Aparte de la sensación, como de una quemadura en su costado izquierdo, el general Uribe no sintió más cuando sonaron los disparos que los envolvieron en la humareda acre de la pólvora, hacia la mitad del puente. Miró a los suyos y los encontró ilesos, rígidos los músculos de aquellos rostros decididos, con la certidumbre feliz de haber superado el miedo y el reto. Mientras tanto, a la sorpresa había sucedido la confusión; no hubo tiempo para una segunda descarga porque los catorce habían comenzado a disparar sus armas metiendo los cañones por entre las agujadas. Fue el comienzo de una batalla final.

Por el puente avanzaba ya, como una tempestad, el ejército liberal. Se levantaron por sobre los disparos y el rugido del río, los gritos agónicos de los primeros heridos, el relincho y manoteo de los caballos acosados por las espuelas, los gritos y las maldiciones de la lucha cuerpo a cuerpo, el choque de los machetes ensangrentados que restallaban en medio de jadeos e interjecciones rabiosas, mientras a través del puente seguían cruzando, como un río humano, los combatientes que, superado el desaliento y el pesimismo de unos minutos antes, lucían transfigurados por la repentina convicción de que la victoria estaba al alcance de sus manos.







La conversación entre el coronel Mateo Ramírez y el mayor Echeverri se interrumpió cuando los dos escucharon el estruendo de una carga cerrada. Entre el monótono ritmo de los disparos aislados de lado y lado, esta descarga de fusilería hizo el efecto de la entrada de toda la orquesta en la ejecución de un concierto.

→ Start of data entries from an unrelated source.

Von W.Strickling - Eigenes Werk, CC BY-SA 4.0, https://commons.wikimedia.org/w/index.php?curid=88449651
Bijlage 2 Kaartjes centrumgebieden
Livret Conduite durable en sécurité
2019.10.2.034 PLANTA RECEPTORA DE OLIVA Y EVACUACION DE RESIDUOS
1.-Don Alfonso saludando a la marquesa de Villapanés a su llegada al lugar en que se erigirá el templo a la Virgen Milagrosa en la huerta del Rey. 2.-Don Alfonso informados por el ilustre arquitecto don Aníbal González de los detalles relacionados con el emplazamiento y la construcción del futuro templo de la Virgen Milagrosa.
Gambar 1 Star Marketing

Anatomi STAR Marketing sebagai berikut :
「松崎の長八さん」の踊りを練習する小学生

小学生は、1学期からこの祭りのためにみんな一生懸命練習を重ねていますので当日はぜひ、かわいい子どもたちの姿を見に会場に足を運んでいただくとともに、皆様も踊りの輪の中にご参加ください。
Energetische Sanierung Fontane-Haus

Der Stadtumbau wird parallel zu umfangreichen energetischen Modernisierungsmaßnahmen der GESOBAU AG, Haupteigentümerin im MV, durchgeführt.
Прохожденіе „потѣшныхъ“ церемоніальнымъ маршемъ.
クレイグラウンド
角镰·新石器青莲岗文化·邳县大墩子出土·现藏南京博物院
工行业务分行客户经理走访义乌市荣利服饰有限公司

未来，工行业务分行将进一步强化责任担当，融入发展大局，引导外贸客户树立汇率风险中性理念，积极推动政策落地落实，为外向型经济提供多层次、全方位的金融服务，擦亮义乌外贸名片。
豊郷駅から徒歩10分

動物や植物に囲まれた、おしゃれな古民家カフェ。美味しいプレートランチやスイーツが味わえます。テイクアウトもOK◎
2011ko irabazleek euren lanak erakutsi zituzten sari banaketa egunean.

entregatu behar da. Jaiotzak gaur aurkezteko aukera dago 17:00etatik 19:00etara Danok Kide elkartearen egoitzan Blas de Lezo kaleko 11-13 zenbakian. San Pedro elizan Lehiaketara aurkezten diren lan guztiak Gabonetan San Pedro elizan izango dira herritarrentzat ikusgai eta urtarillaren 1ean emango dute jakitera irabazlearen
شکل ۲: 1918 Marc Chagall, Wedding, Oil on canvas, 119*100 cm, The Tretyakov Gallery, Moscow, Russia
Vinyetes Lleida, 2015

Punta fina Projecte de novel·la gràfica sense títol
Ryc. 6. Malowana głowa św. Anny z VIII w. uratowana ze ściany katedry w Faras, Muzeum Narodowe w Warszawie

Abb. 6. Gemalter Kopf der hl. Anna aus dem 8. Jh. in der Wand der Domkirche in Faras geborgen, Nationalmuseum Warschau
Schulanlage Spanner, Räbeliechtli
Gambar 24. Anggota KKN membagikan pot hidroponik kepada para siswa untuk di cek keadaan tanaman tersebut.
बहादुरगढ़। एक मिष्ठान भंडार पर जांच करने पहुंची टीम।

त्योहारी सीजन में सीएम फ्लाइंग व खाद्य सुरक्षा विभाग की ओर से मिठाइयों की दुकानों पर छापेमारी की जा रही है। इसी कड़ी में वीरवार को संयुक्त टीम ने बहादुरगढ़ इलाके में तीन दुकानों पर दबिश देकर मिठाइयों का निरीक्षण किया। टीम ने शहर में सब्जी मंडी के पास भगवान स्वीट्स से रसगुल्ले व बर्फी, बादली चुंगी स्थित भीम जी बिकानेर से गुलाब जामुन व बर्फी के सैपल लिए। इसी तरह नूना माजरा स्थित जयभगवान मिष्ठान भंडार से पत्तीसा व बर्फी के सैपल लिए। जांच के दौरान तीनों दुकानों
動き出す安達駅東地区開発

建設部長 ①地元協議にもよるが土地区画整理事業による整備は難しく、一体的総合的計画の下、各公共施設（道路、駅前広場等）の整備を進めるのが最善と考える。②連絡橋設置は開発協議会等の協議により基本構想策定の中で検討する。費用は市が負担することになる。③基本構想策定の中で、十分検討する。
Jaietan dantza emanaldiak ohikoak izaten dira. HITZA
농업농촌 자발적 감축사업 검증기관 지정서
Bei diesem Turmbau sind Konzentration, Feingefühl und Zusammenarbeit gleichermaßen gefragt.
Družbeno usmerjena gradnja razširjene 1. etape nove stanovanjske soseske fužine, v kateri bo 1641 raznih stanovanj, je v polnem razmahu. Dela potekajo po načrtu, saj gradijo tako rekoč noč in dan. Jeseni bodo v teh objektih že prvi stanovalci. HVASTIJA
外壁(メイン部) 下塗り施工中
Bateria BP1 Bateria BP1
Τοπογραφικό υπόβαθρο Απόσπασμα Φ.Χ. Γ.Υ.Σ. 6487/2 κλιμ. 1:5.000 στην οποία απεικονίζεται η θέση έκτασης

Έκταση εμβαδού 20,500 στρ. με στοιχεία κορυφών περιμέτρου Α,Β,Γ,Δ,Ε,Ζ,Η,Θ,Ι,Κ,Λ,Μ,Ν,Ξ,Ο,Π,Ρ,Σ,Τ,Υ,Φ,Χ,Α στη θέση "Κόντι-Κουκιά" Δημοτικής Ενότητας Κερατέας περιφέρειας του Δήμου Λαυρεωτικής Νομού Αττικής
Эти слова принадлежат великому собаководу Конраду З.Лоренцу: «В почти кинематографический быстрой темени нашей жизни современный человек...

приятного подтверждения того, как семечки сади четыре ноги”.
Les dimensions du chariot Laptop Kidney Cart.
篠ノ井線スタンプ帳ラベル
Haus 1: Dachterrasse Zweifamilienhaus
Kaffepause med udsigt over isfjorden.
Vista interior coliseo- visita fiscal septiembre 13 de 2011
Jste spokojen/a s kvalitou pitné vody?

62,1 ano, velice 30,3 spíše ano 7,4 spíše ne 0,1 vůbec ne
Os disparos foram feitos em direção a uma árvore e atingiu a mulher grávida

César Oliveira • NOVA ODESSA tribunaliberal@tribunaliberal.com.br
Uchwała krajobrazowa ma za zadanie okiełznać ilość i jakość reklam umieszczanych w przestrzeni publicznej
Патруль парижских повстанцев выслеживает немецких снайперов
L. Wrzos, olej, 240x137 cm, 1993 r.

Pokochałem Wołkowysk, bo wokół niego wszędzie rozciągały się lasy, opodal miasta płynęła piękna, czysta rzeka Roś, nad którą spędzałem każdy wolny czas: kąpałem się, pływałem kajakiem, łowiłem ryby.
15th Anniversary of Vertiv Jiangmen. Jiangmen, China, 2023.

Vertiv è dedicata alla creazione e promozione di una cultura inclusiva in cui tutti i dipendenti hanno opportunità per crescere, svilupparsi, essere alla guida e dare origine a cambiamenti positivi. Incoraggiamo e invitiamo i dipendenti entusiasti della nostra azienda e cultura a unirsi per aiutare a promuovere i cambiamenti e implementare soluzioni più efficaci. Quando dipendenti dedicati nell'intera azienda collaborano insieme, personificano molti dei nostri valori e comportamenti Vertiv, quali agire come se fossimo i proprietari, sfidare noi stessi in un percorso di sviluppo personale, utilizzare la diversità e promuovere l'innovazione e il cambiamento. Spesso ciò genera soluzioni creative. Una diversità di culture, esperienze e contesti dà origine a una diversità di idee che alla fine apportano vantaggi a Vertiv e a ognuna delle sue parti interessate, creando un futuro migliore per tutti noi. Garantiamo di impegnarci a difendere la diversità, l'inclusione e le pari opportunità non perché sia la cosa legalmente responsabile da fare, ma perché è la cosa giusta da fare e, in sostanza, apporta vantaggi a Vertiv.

Los disparos desde las orillas se suspendieron, un silencio que duró varios largos segundos pareció detener el tiempo y luego, una intensificación de los disparos y una gritería que parecía avanzar hacia el sitio en donde los batallones Boyacá y Briceño hacían tareas de contención, redoblaron la alerta.

Resguardados detrás de los costales con que había levantado sus trincheras, Mateo y sus hombres vieron asombrados que, envueltos en una nube dorada de polvo, venían en retirada los hombres del Batallón Vencedores. No se había escuchado ningún toque de corneta que lo indicara; repentinamente los disparos desde la otra orilla habían cesado y tanto el Batallón Caucanos como el Herrán intentaban contener la estampida humana que venía del puente de La Laja. Al ver a través de su largavista la marea de banderas rojas que avanzaba; al acercarse los rostros desencajados por el pánico de los soldados del Vencedores, comprendieron que algo grave e inesperado acababa de suceder. El enemigo había entrado a la orilla en donde las fuerzas del gobierno habían dispersado todos sus batallones; inexplicablemente habían puesto en fuga a los defensores del puente y, como si se tratara de una vanguardia de desmoralización y de pánico, el Batallón Vencedores en fuga, contagió a los demás. El ejército liberal había arrasado las primeras defensas, se había apoderado de pertrechos y prisioneros y avanzaba vencedor por el camino hacia Cúcuta, casi sin encontrar resistencia. Al llegar a la curva en donde Mateo y el Briceño defendían la ambulancia, abandonaron el camino y se internaron hacia las colinas. Desde sus trincheras, Mateo Ramírez siguió un doble espectáculo: por el camino, casi sin dar batalla cruzaron en retirada, hacia Cornejo, las fuerzas conservadoras. Desmoralizados, humillados, llevando a rastras a sus heridos, los soldados de los distintos batallones dejaban al pasar, armas y pertrechos porque en su desespero no querían llevar consigo nada que les impidiera la huida. Y más allá, y fuera del camino, como una tempestad que se alejaba hacia la colina, el ejército liberal.

Sólo al anochecer cesó el ruido de los disparos y se pudieron oir, con toda su nitidez aterradora, los gritos de los heridos, sus lamentos y blasfemias junto con las voces coléricas y torpes de los que, para ahogar el miedo, el dolor o la cobardía, se habían embriagado hasta la inconsciencia. Con las corrientes de aire del río llegaban hasta el campamento de Mateo, en oleadas periódicas, el olor de la pólvora, de la carroña, de la leña quemada, junto con el de los nardos. Una extraña combinación parecida a la de la vida.